= Swiss Gemmological Institute =

Gemmology laboratory located in Basel, Switzerland

The Swiss Gemmological Institute (SSEF) is a gemmology laboratory located in Basel, Switzerland. It is a part of the Schweizerische Stiftung für Edelstein Forschung (SSEF, Swiss Foundation for Gemstone Research).

== History ==
The Swiss Gemmological Institute was founded on an independent basis by trade organisations on August 22, 1972. George Bosshart, mineralogist and GG, was the first director after the laboratory's opening in Zürich. Diamond grading was the major task and colour stones were tested rather exceptionally. In 1980, Bosshart hired Dr. Henry A. Hänni, Mineralogist and FGA. In 1994, Hänni moved the laboratory to Basel where he had been teaching gemmology at Basel university. Prof. H.A. Hänni retired in 2009 and Dr. Michael Krzemnicki, who had been working for SSEF since 1999, took over his position as a director.

In 1994, the Swiss Gemmological Institute was the first gemmological laboratory to offer testing for possible Beryllium diffusion in corundum. Early on, the institute took exclusive custody of the CIBJO Diamond C1 master set.

At the turn of the 21st century, unbeaded pearls invaded the market, thus greatly impacting demand for pearl analysis by the institute. In 2013, SSEF achieved a breakthrough in successfully extracting DNA from pearls and thereby enabling DNA fingerprinting of pearls. In 2014, SSEF unveiled the ASDI instrument (Automated Spectral Diamond Inspection), the first industrial scale automated solution for keeping synthetic diamond melee out of the supply chain. IN 2015, the institute opened a new lab in Basel with twice the production capacity of its actual lab. In 2017, SSEF became the first gem lab in the world to introduce radiocarbon age dating of pearls as a service to clients. In 2020, SSEF and University of Zürich researchers unveiled a new methodology (published in the journal Scientific Reports) to extract DNA from precious coral samples and thereby identify the species of samples.

== Activity ==
SSEF has since long been offering its independent services to the global gemstone and jewellery trade. The mandate of the SSEF is to analyse precious stones and jewellery; issuing test reports for coloured gemstones, diamonds and pearls. Its forte lies in the detection of gemstone authenticity, origin, and gem treatments on a scientific and reproducible basis. It offers expert independent advice to a wide gemmological clientele including gem dealers, jewellers, auction houses and private customers in many countries. Gemmological training courses from basic to highly specialised are a further contribution to an international scholarship, ensuring a high level of gemmological knowledge and skills in the trade.
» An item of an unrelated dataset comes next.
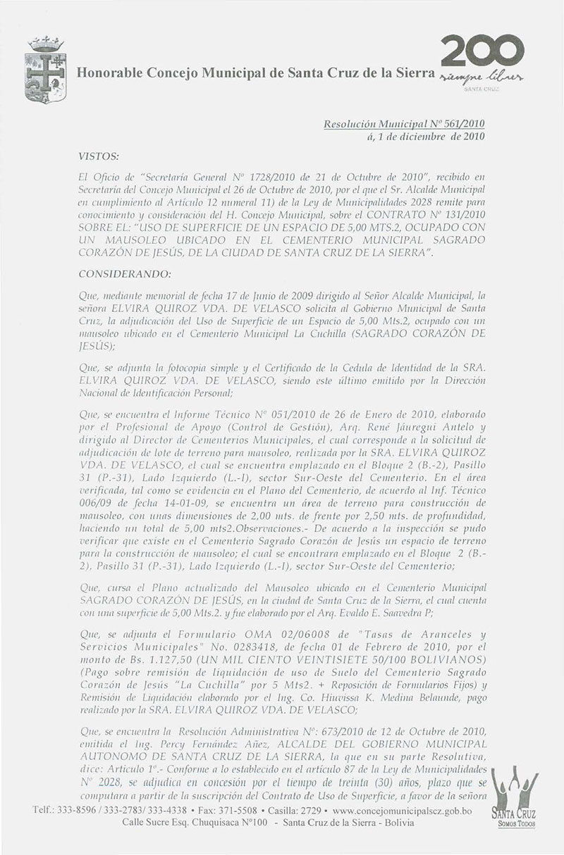 Aprueba el Contrato Nº 131/2010 referente al Uso de Superficie para Mausoleo, adjudicado a favor de la Sra. Elvira Quiroz Vda. De Velasco, ubicado en el Cementerio Sagrado Corazón de Jesús.

The institute, based in Basel since 1994, is directed by Dr. Michael S. Krzemnicki, who also lectures at the University of Basel. The laboratory was recognised by the International Confederation of Jewellers and Goldsmiths (CIBJO) in 1978 and is also a member of the International Colored Stone Association (ICA) and the Laboratory Manual Harmonisation Committee (LMHC). The SSEF introduced a full gem treatment disclosure policy in 1998, published in a book called "SSEF Standards & Applications for Diamond Reports, Gemstone Reports and Test Reports".
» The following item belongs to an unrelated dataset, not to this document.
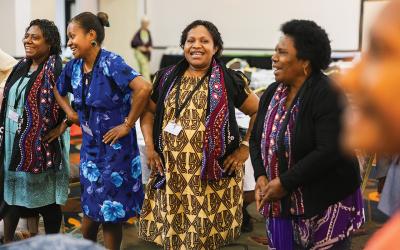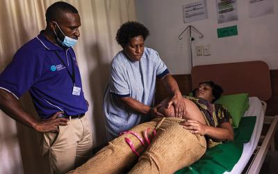 Brown, who has spent her career improving maternal standards from Thailand to Morocco to Afghanistan, crafted the workshop to build connection among the midwives. Each morning, the workshop begins with a song, led by a group of midwives from a different region of Papua New Guinea. When the buddy groups are announced at the end of the first day, the room erupts in cheers as the paired midwives excitedly embrace.

Moreover, SSEF places a strong focus on education and pursuing gemmological research. It offers basic and advanced gemmological training courses, scientific gemmology workshops and expert lectures covering a wide array of gemmological subjects. It a pioneer in gemmological research, collaborating with leading Swiss universities and other worldwide gemmological laboratories.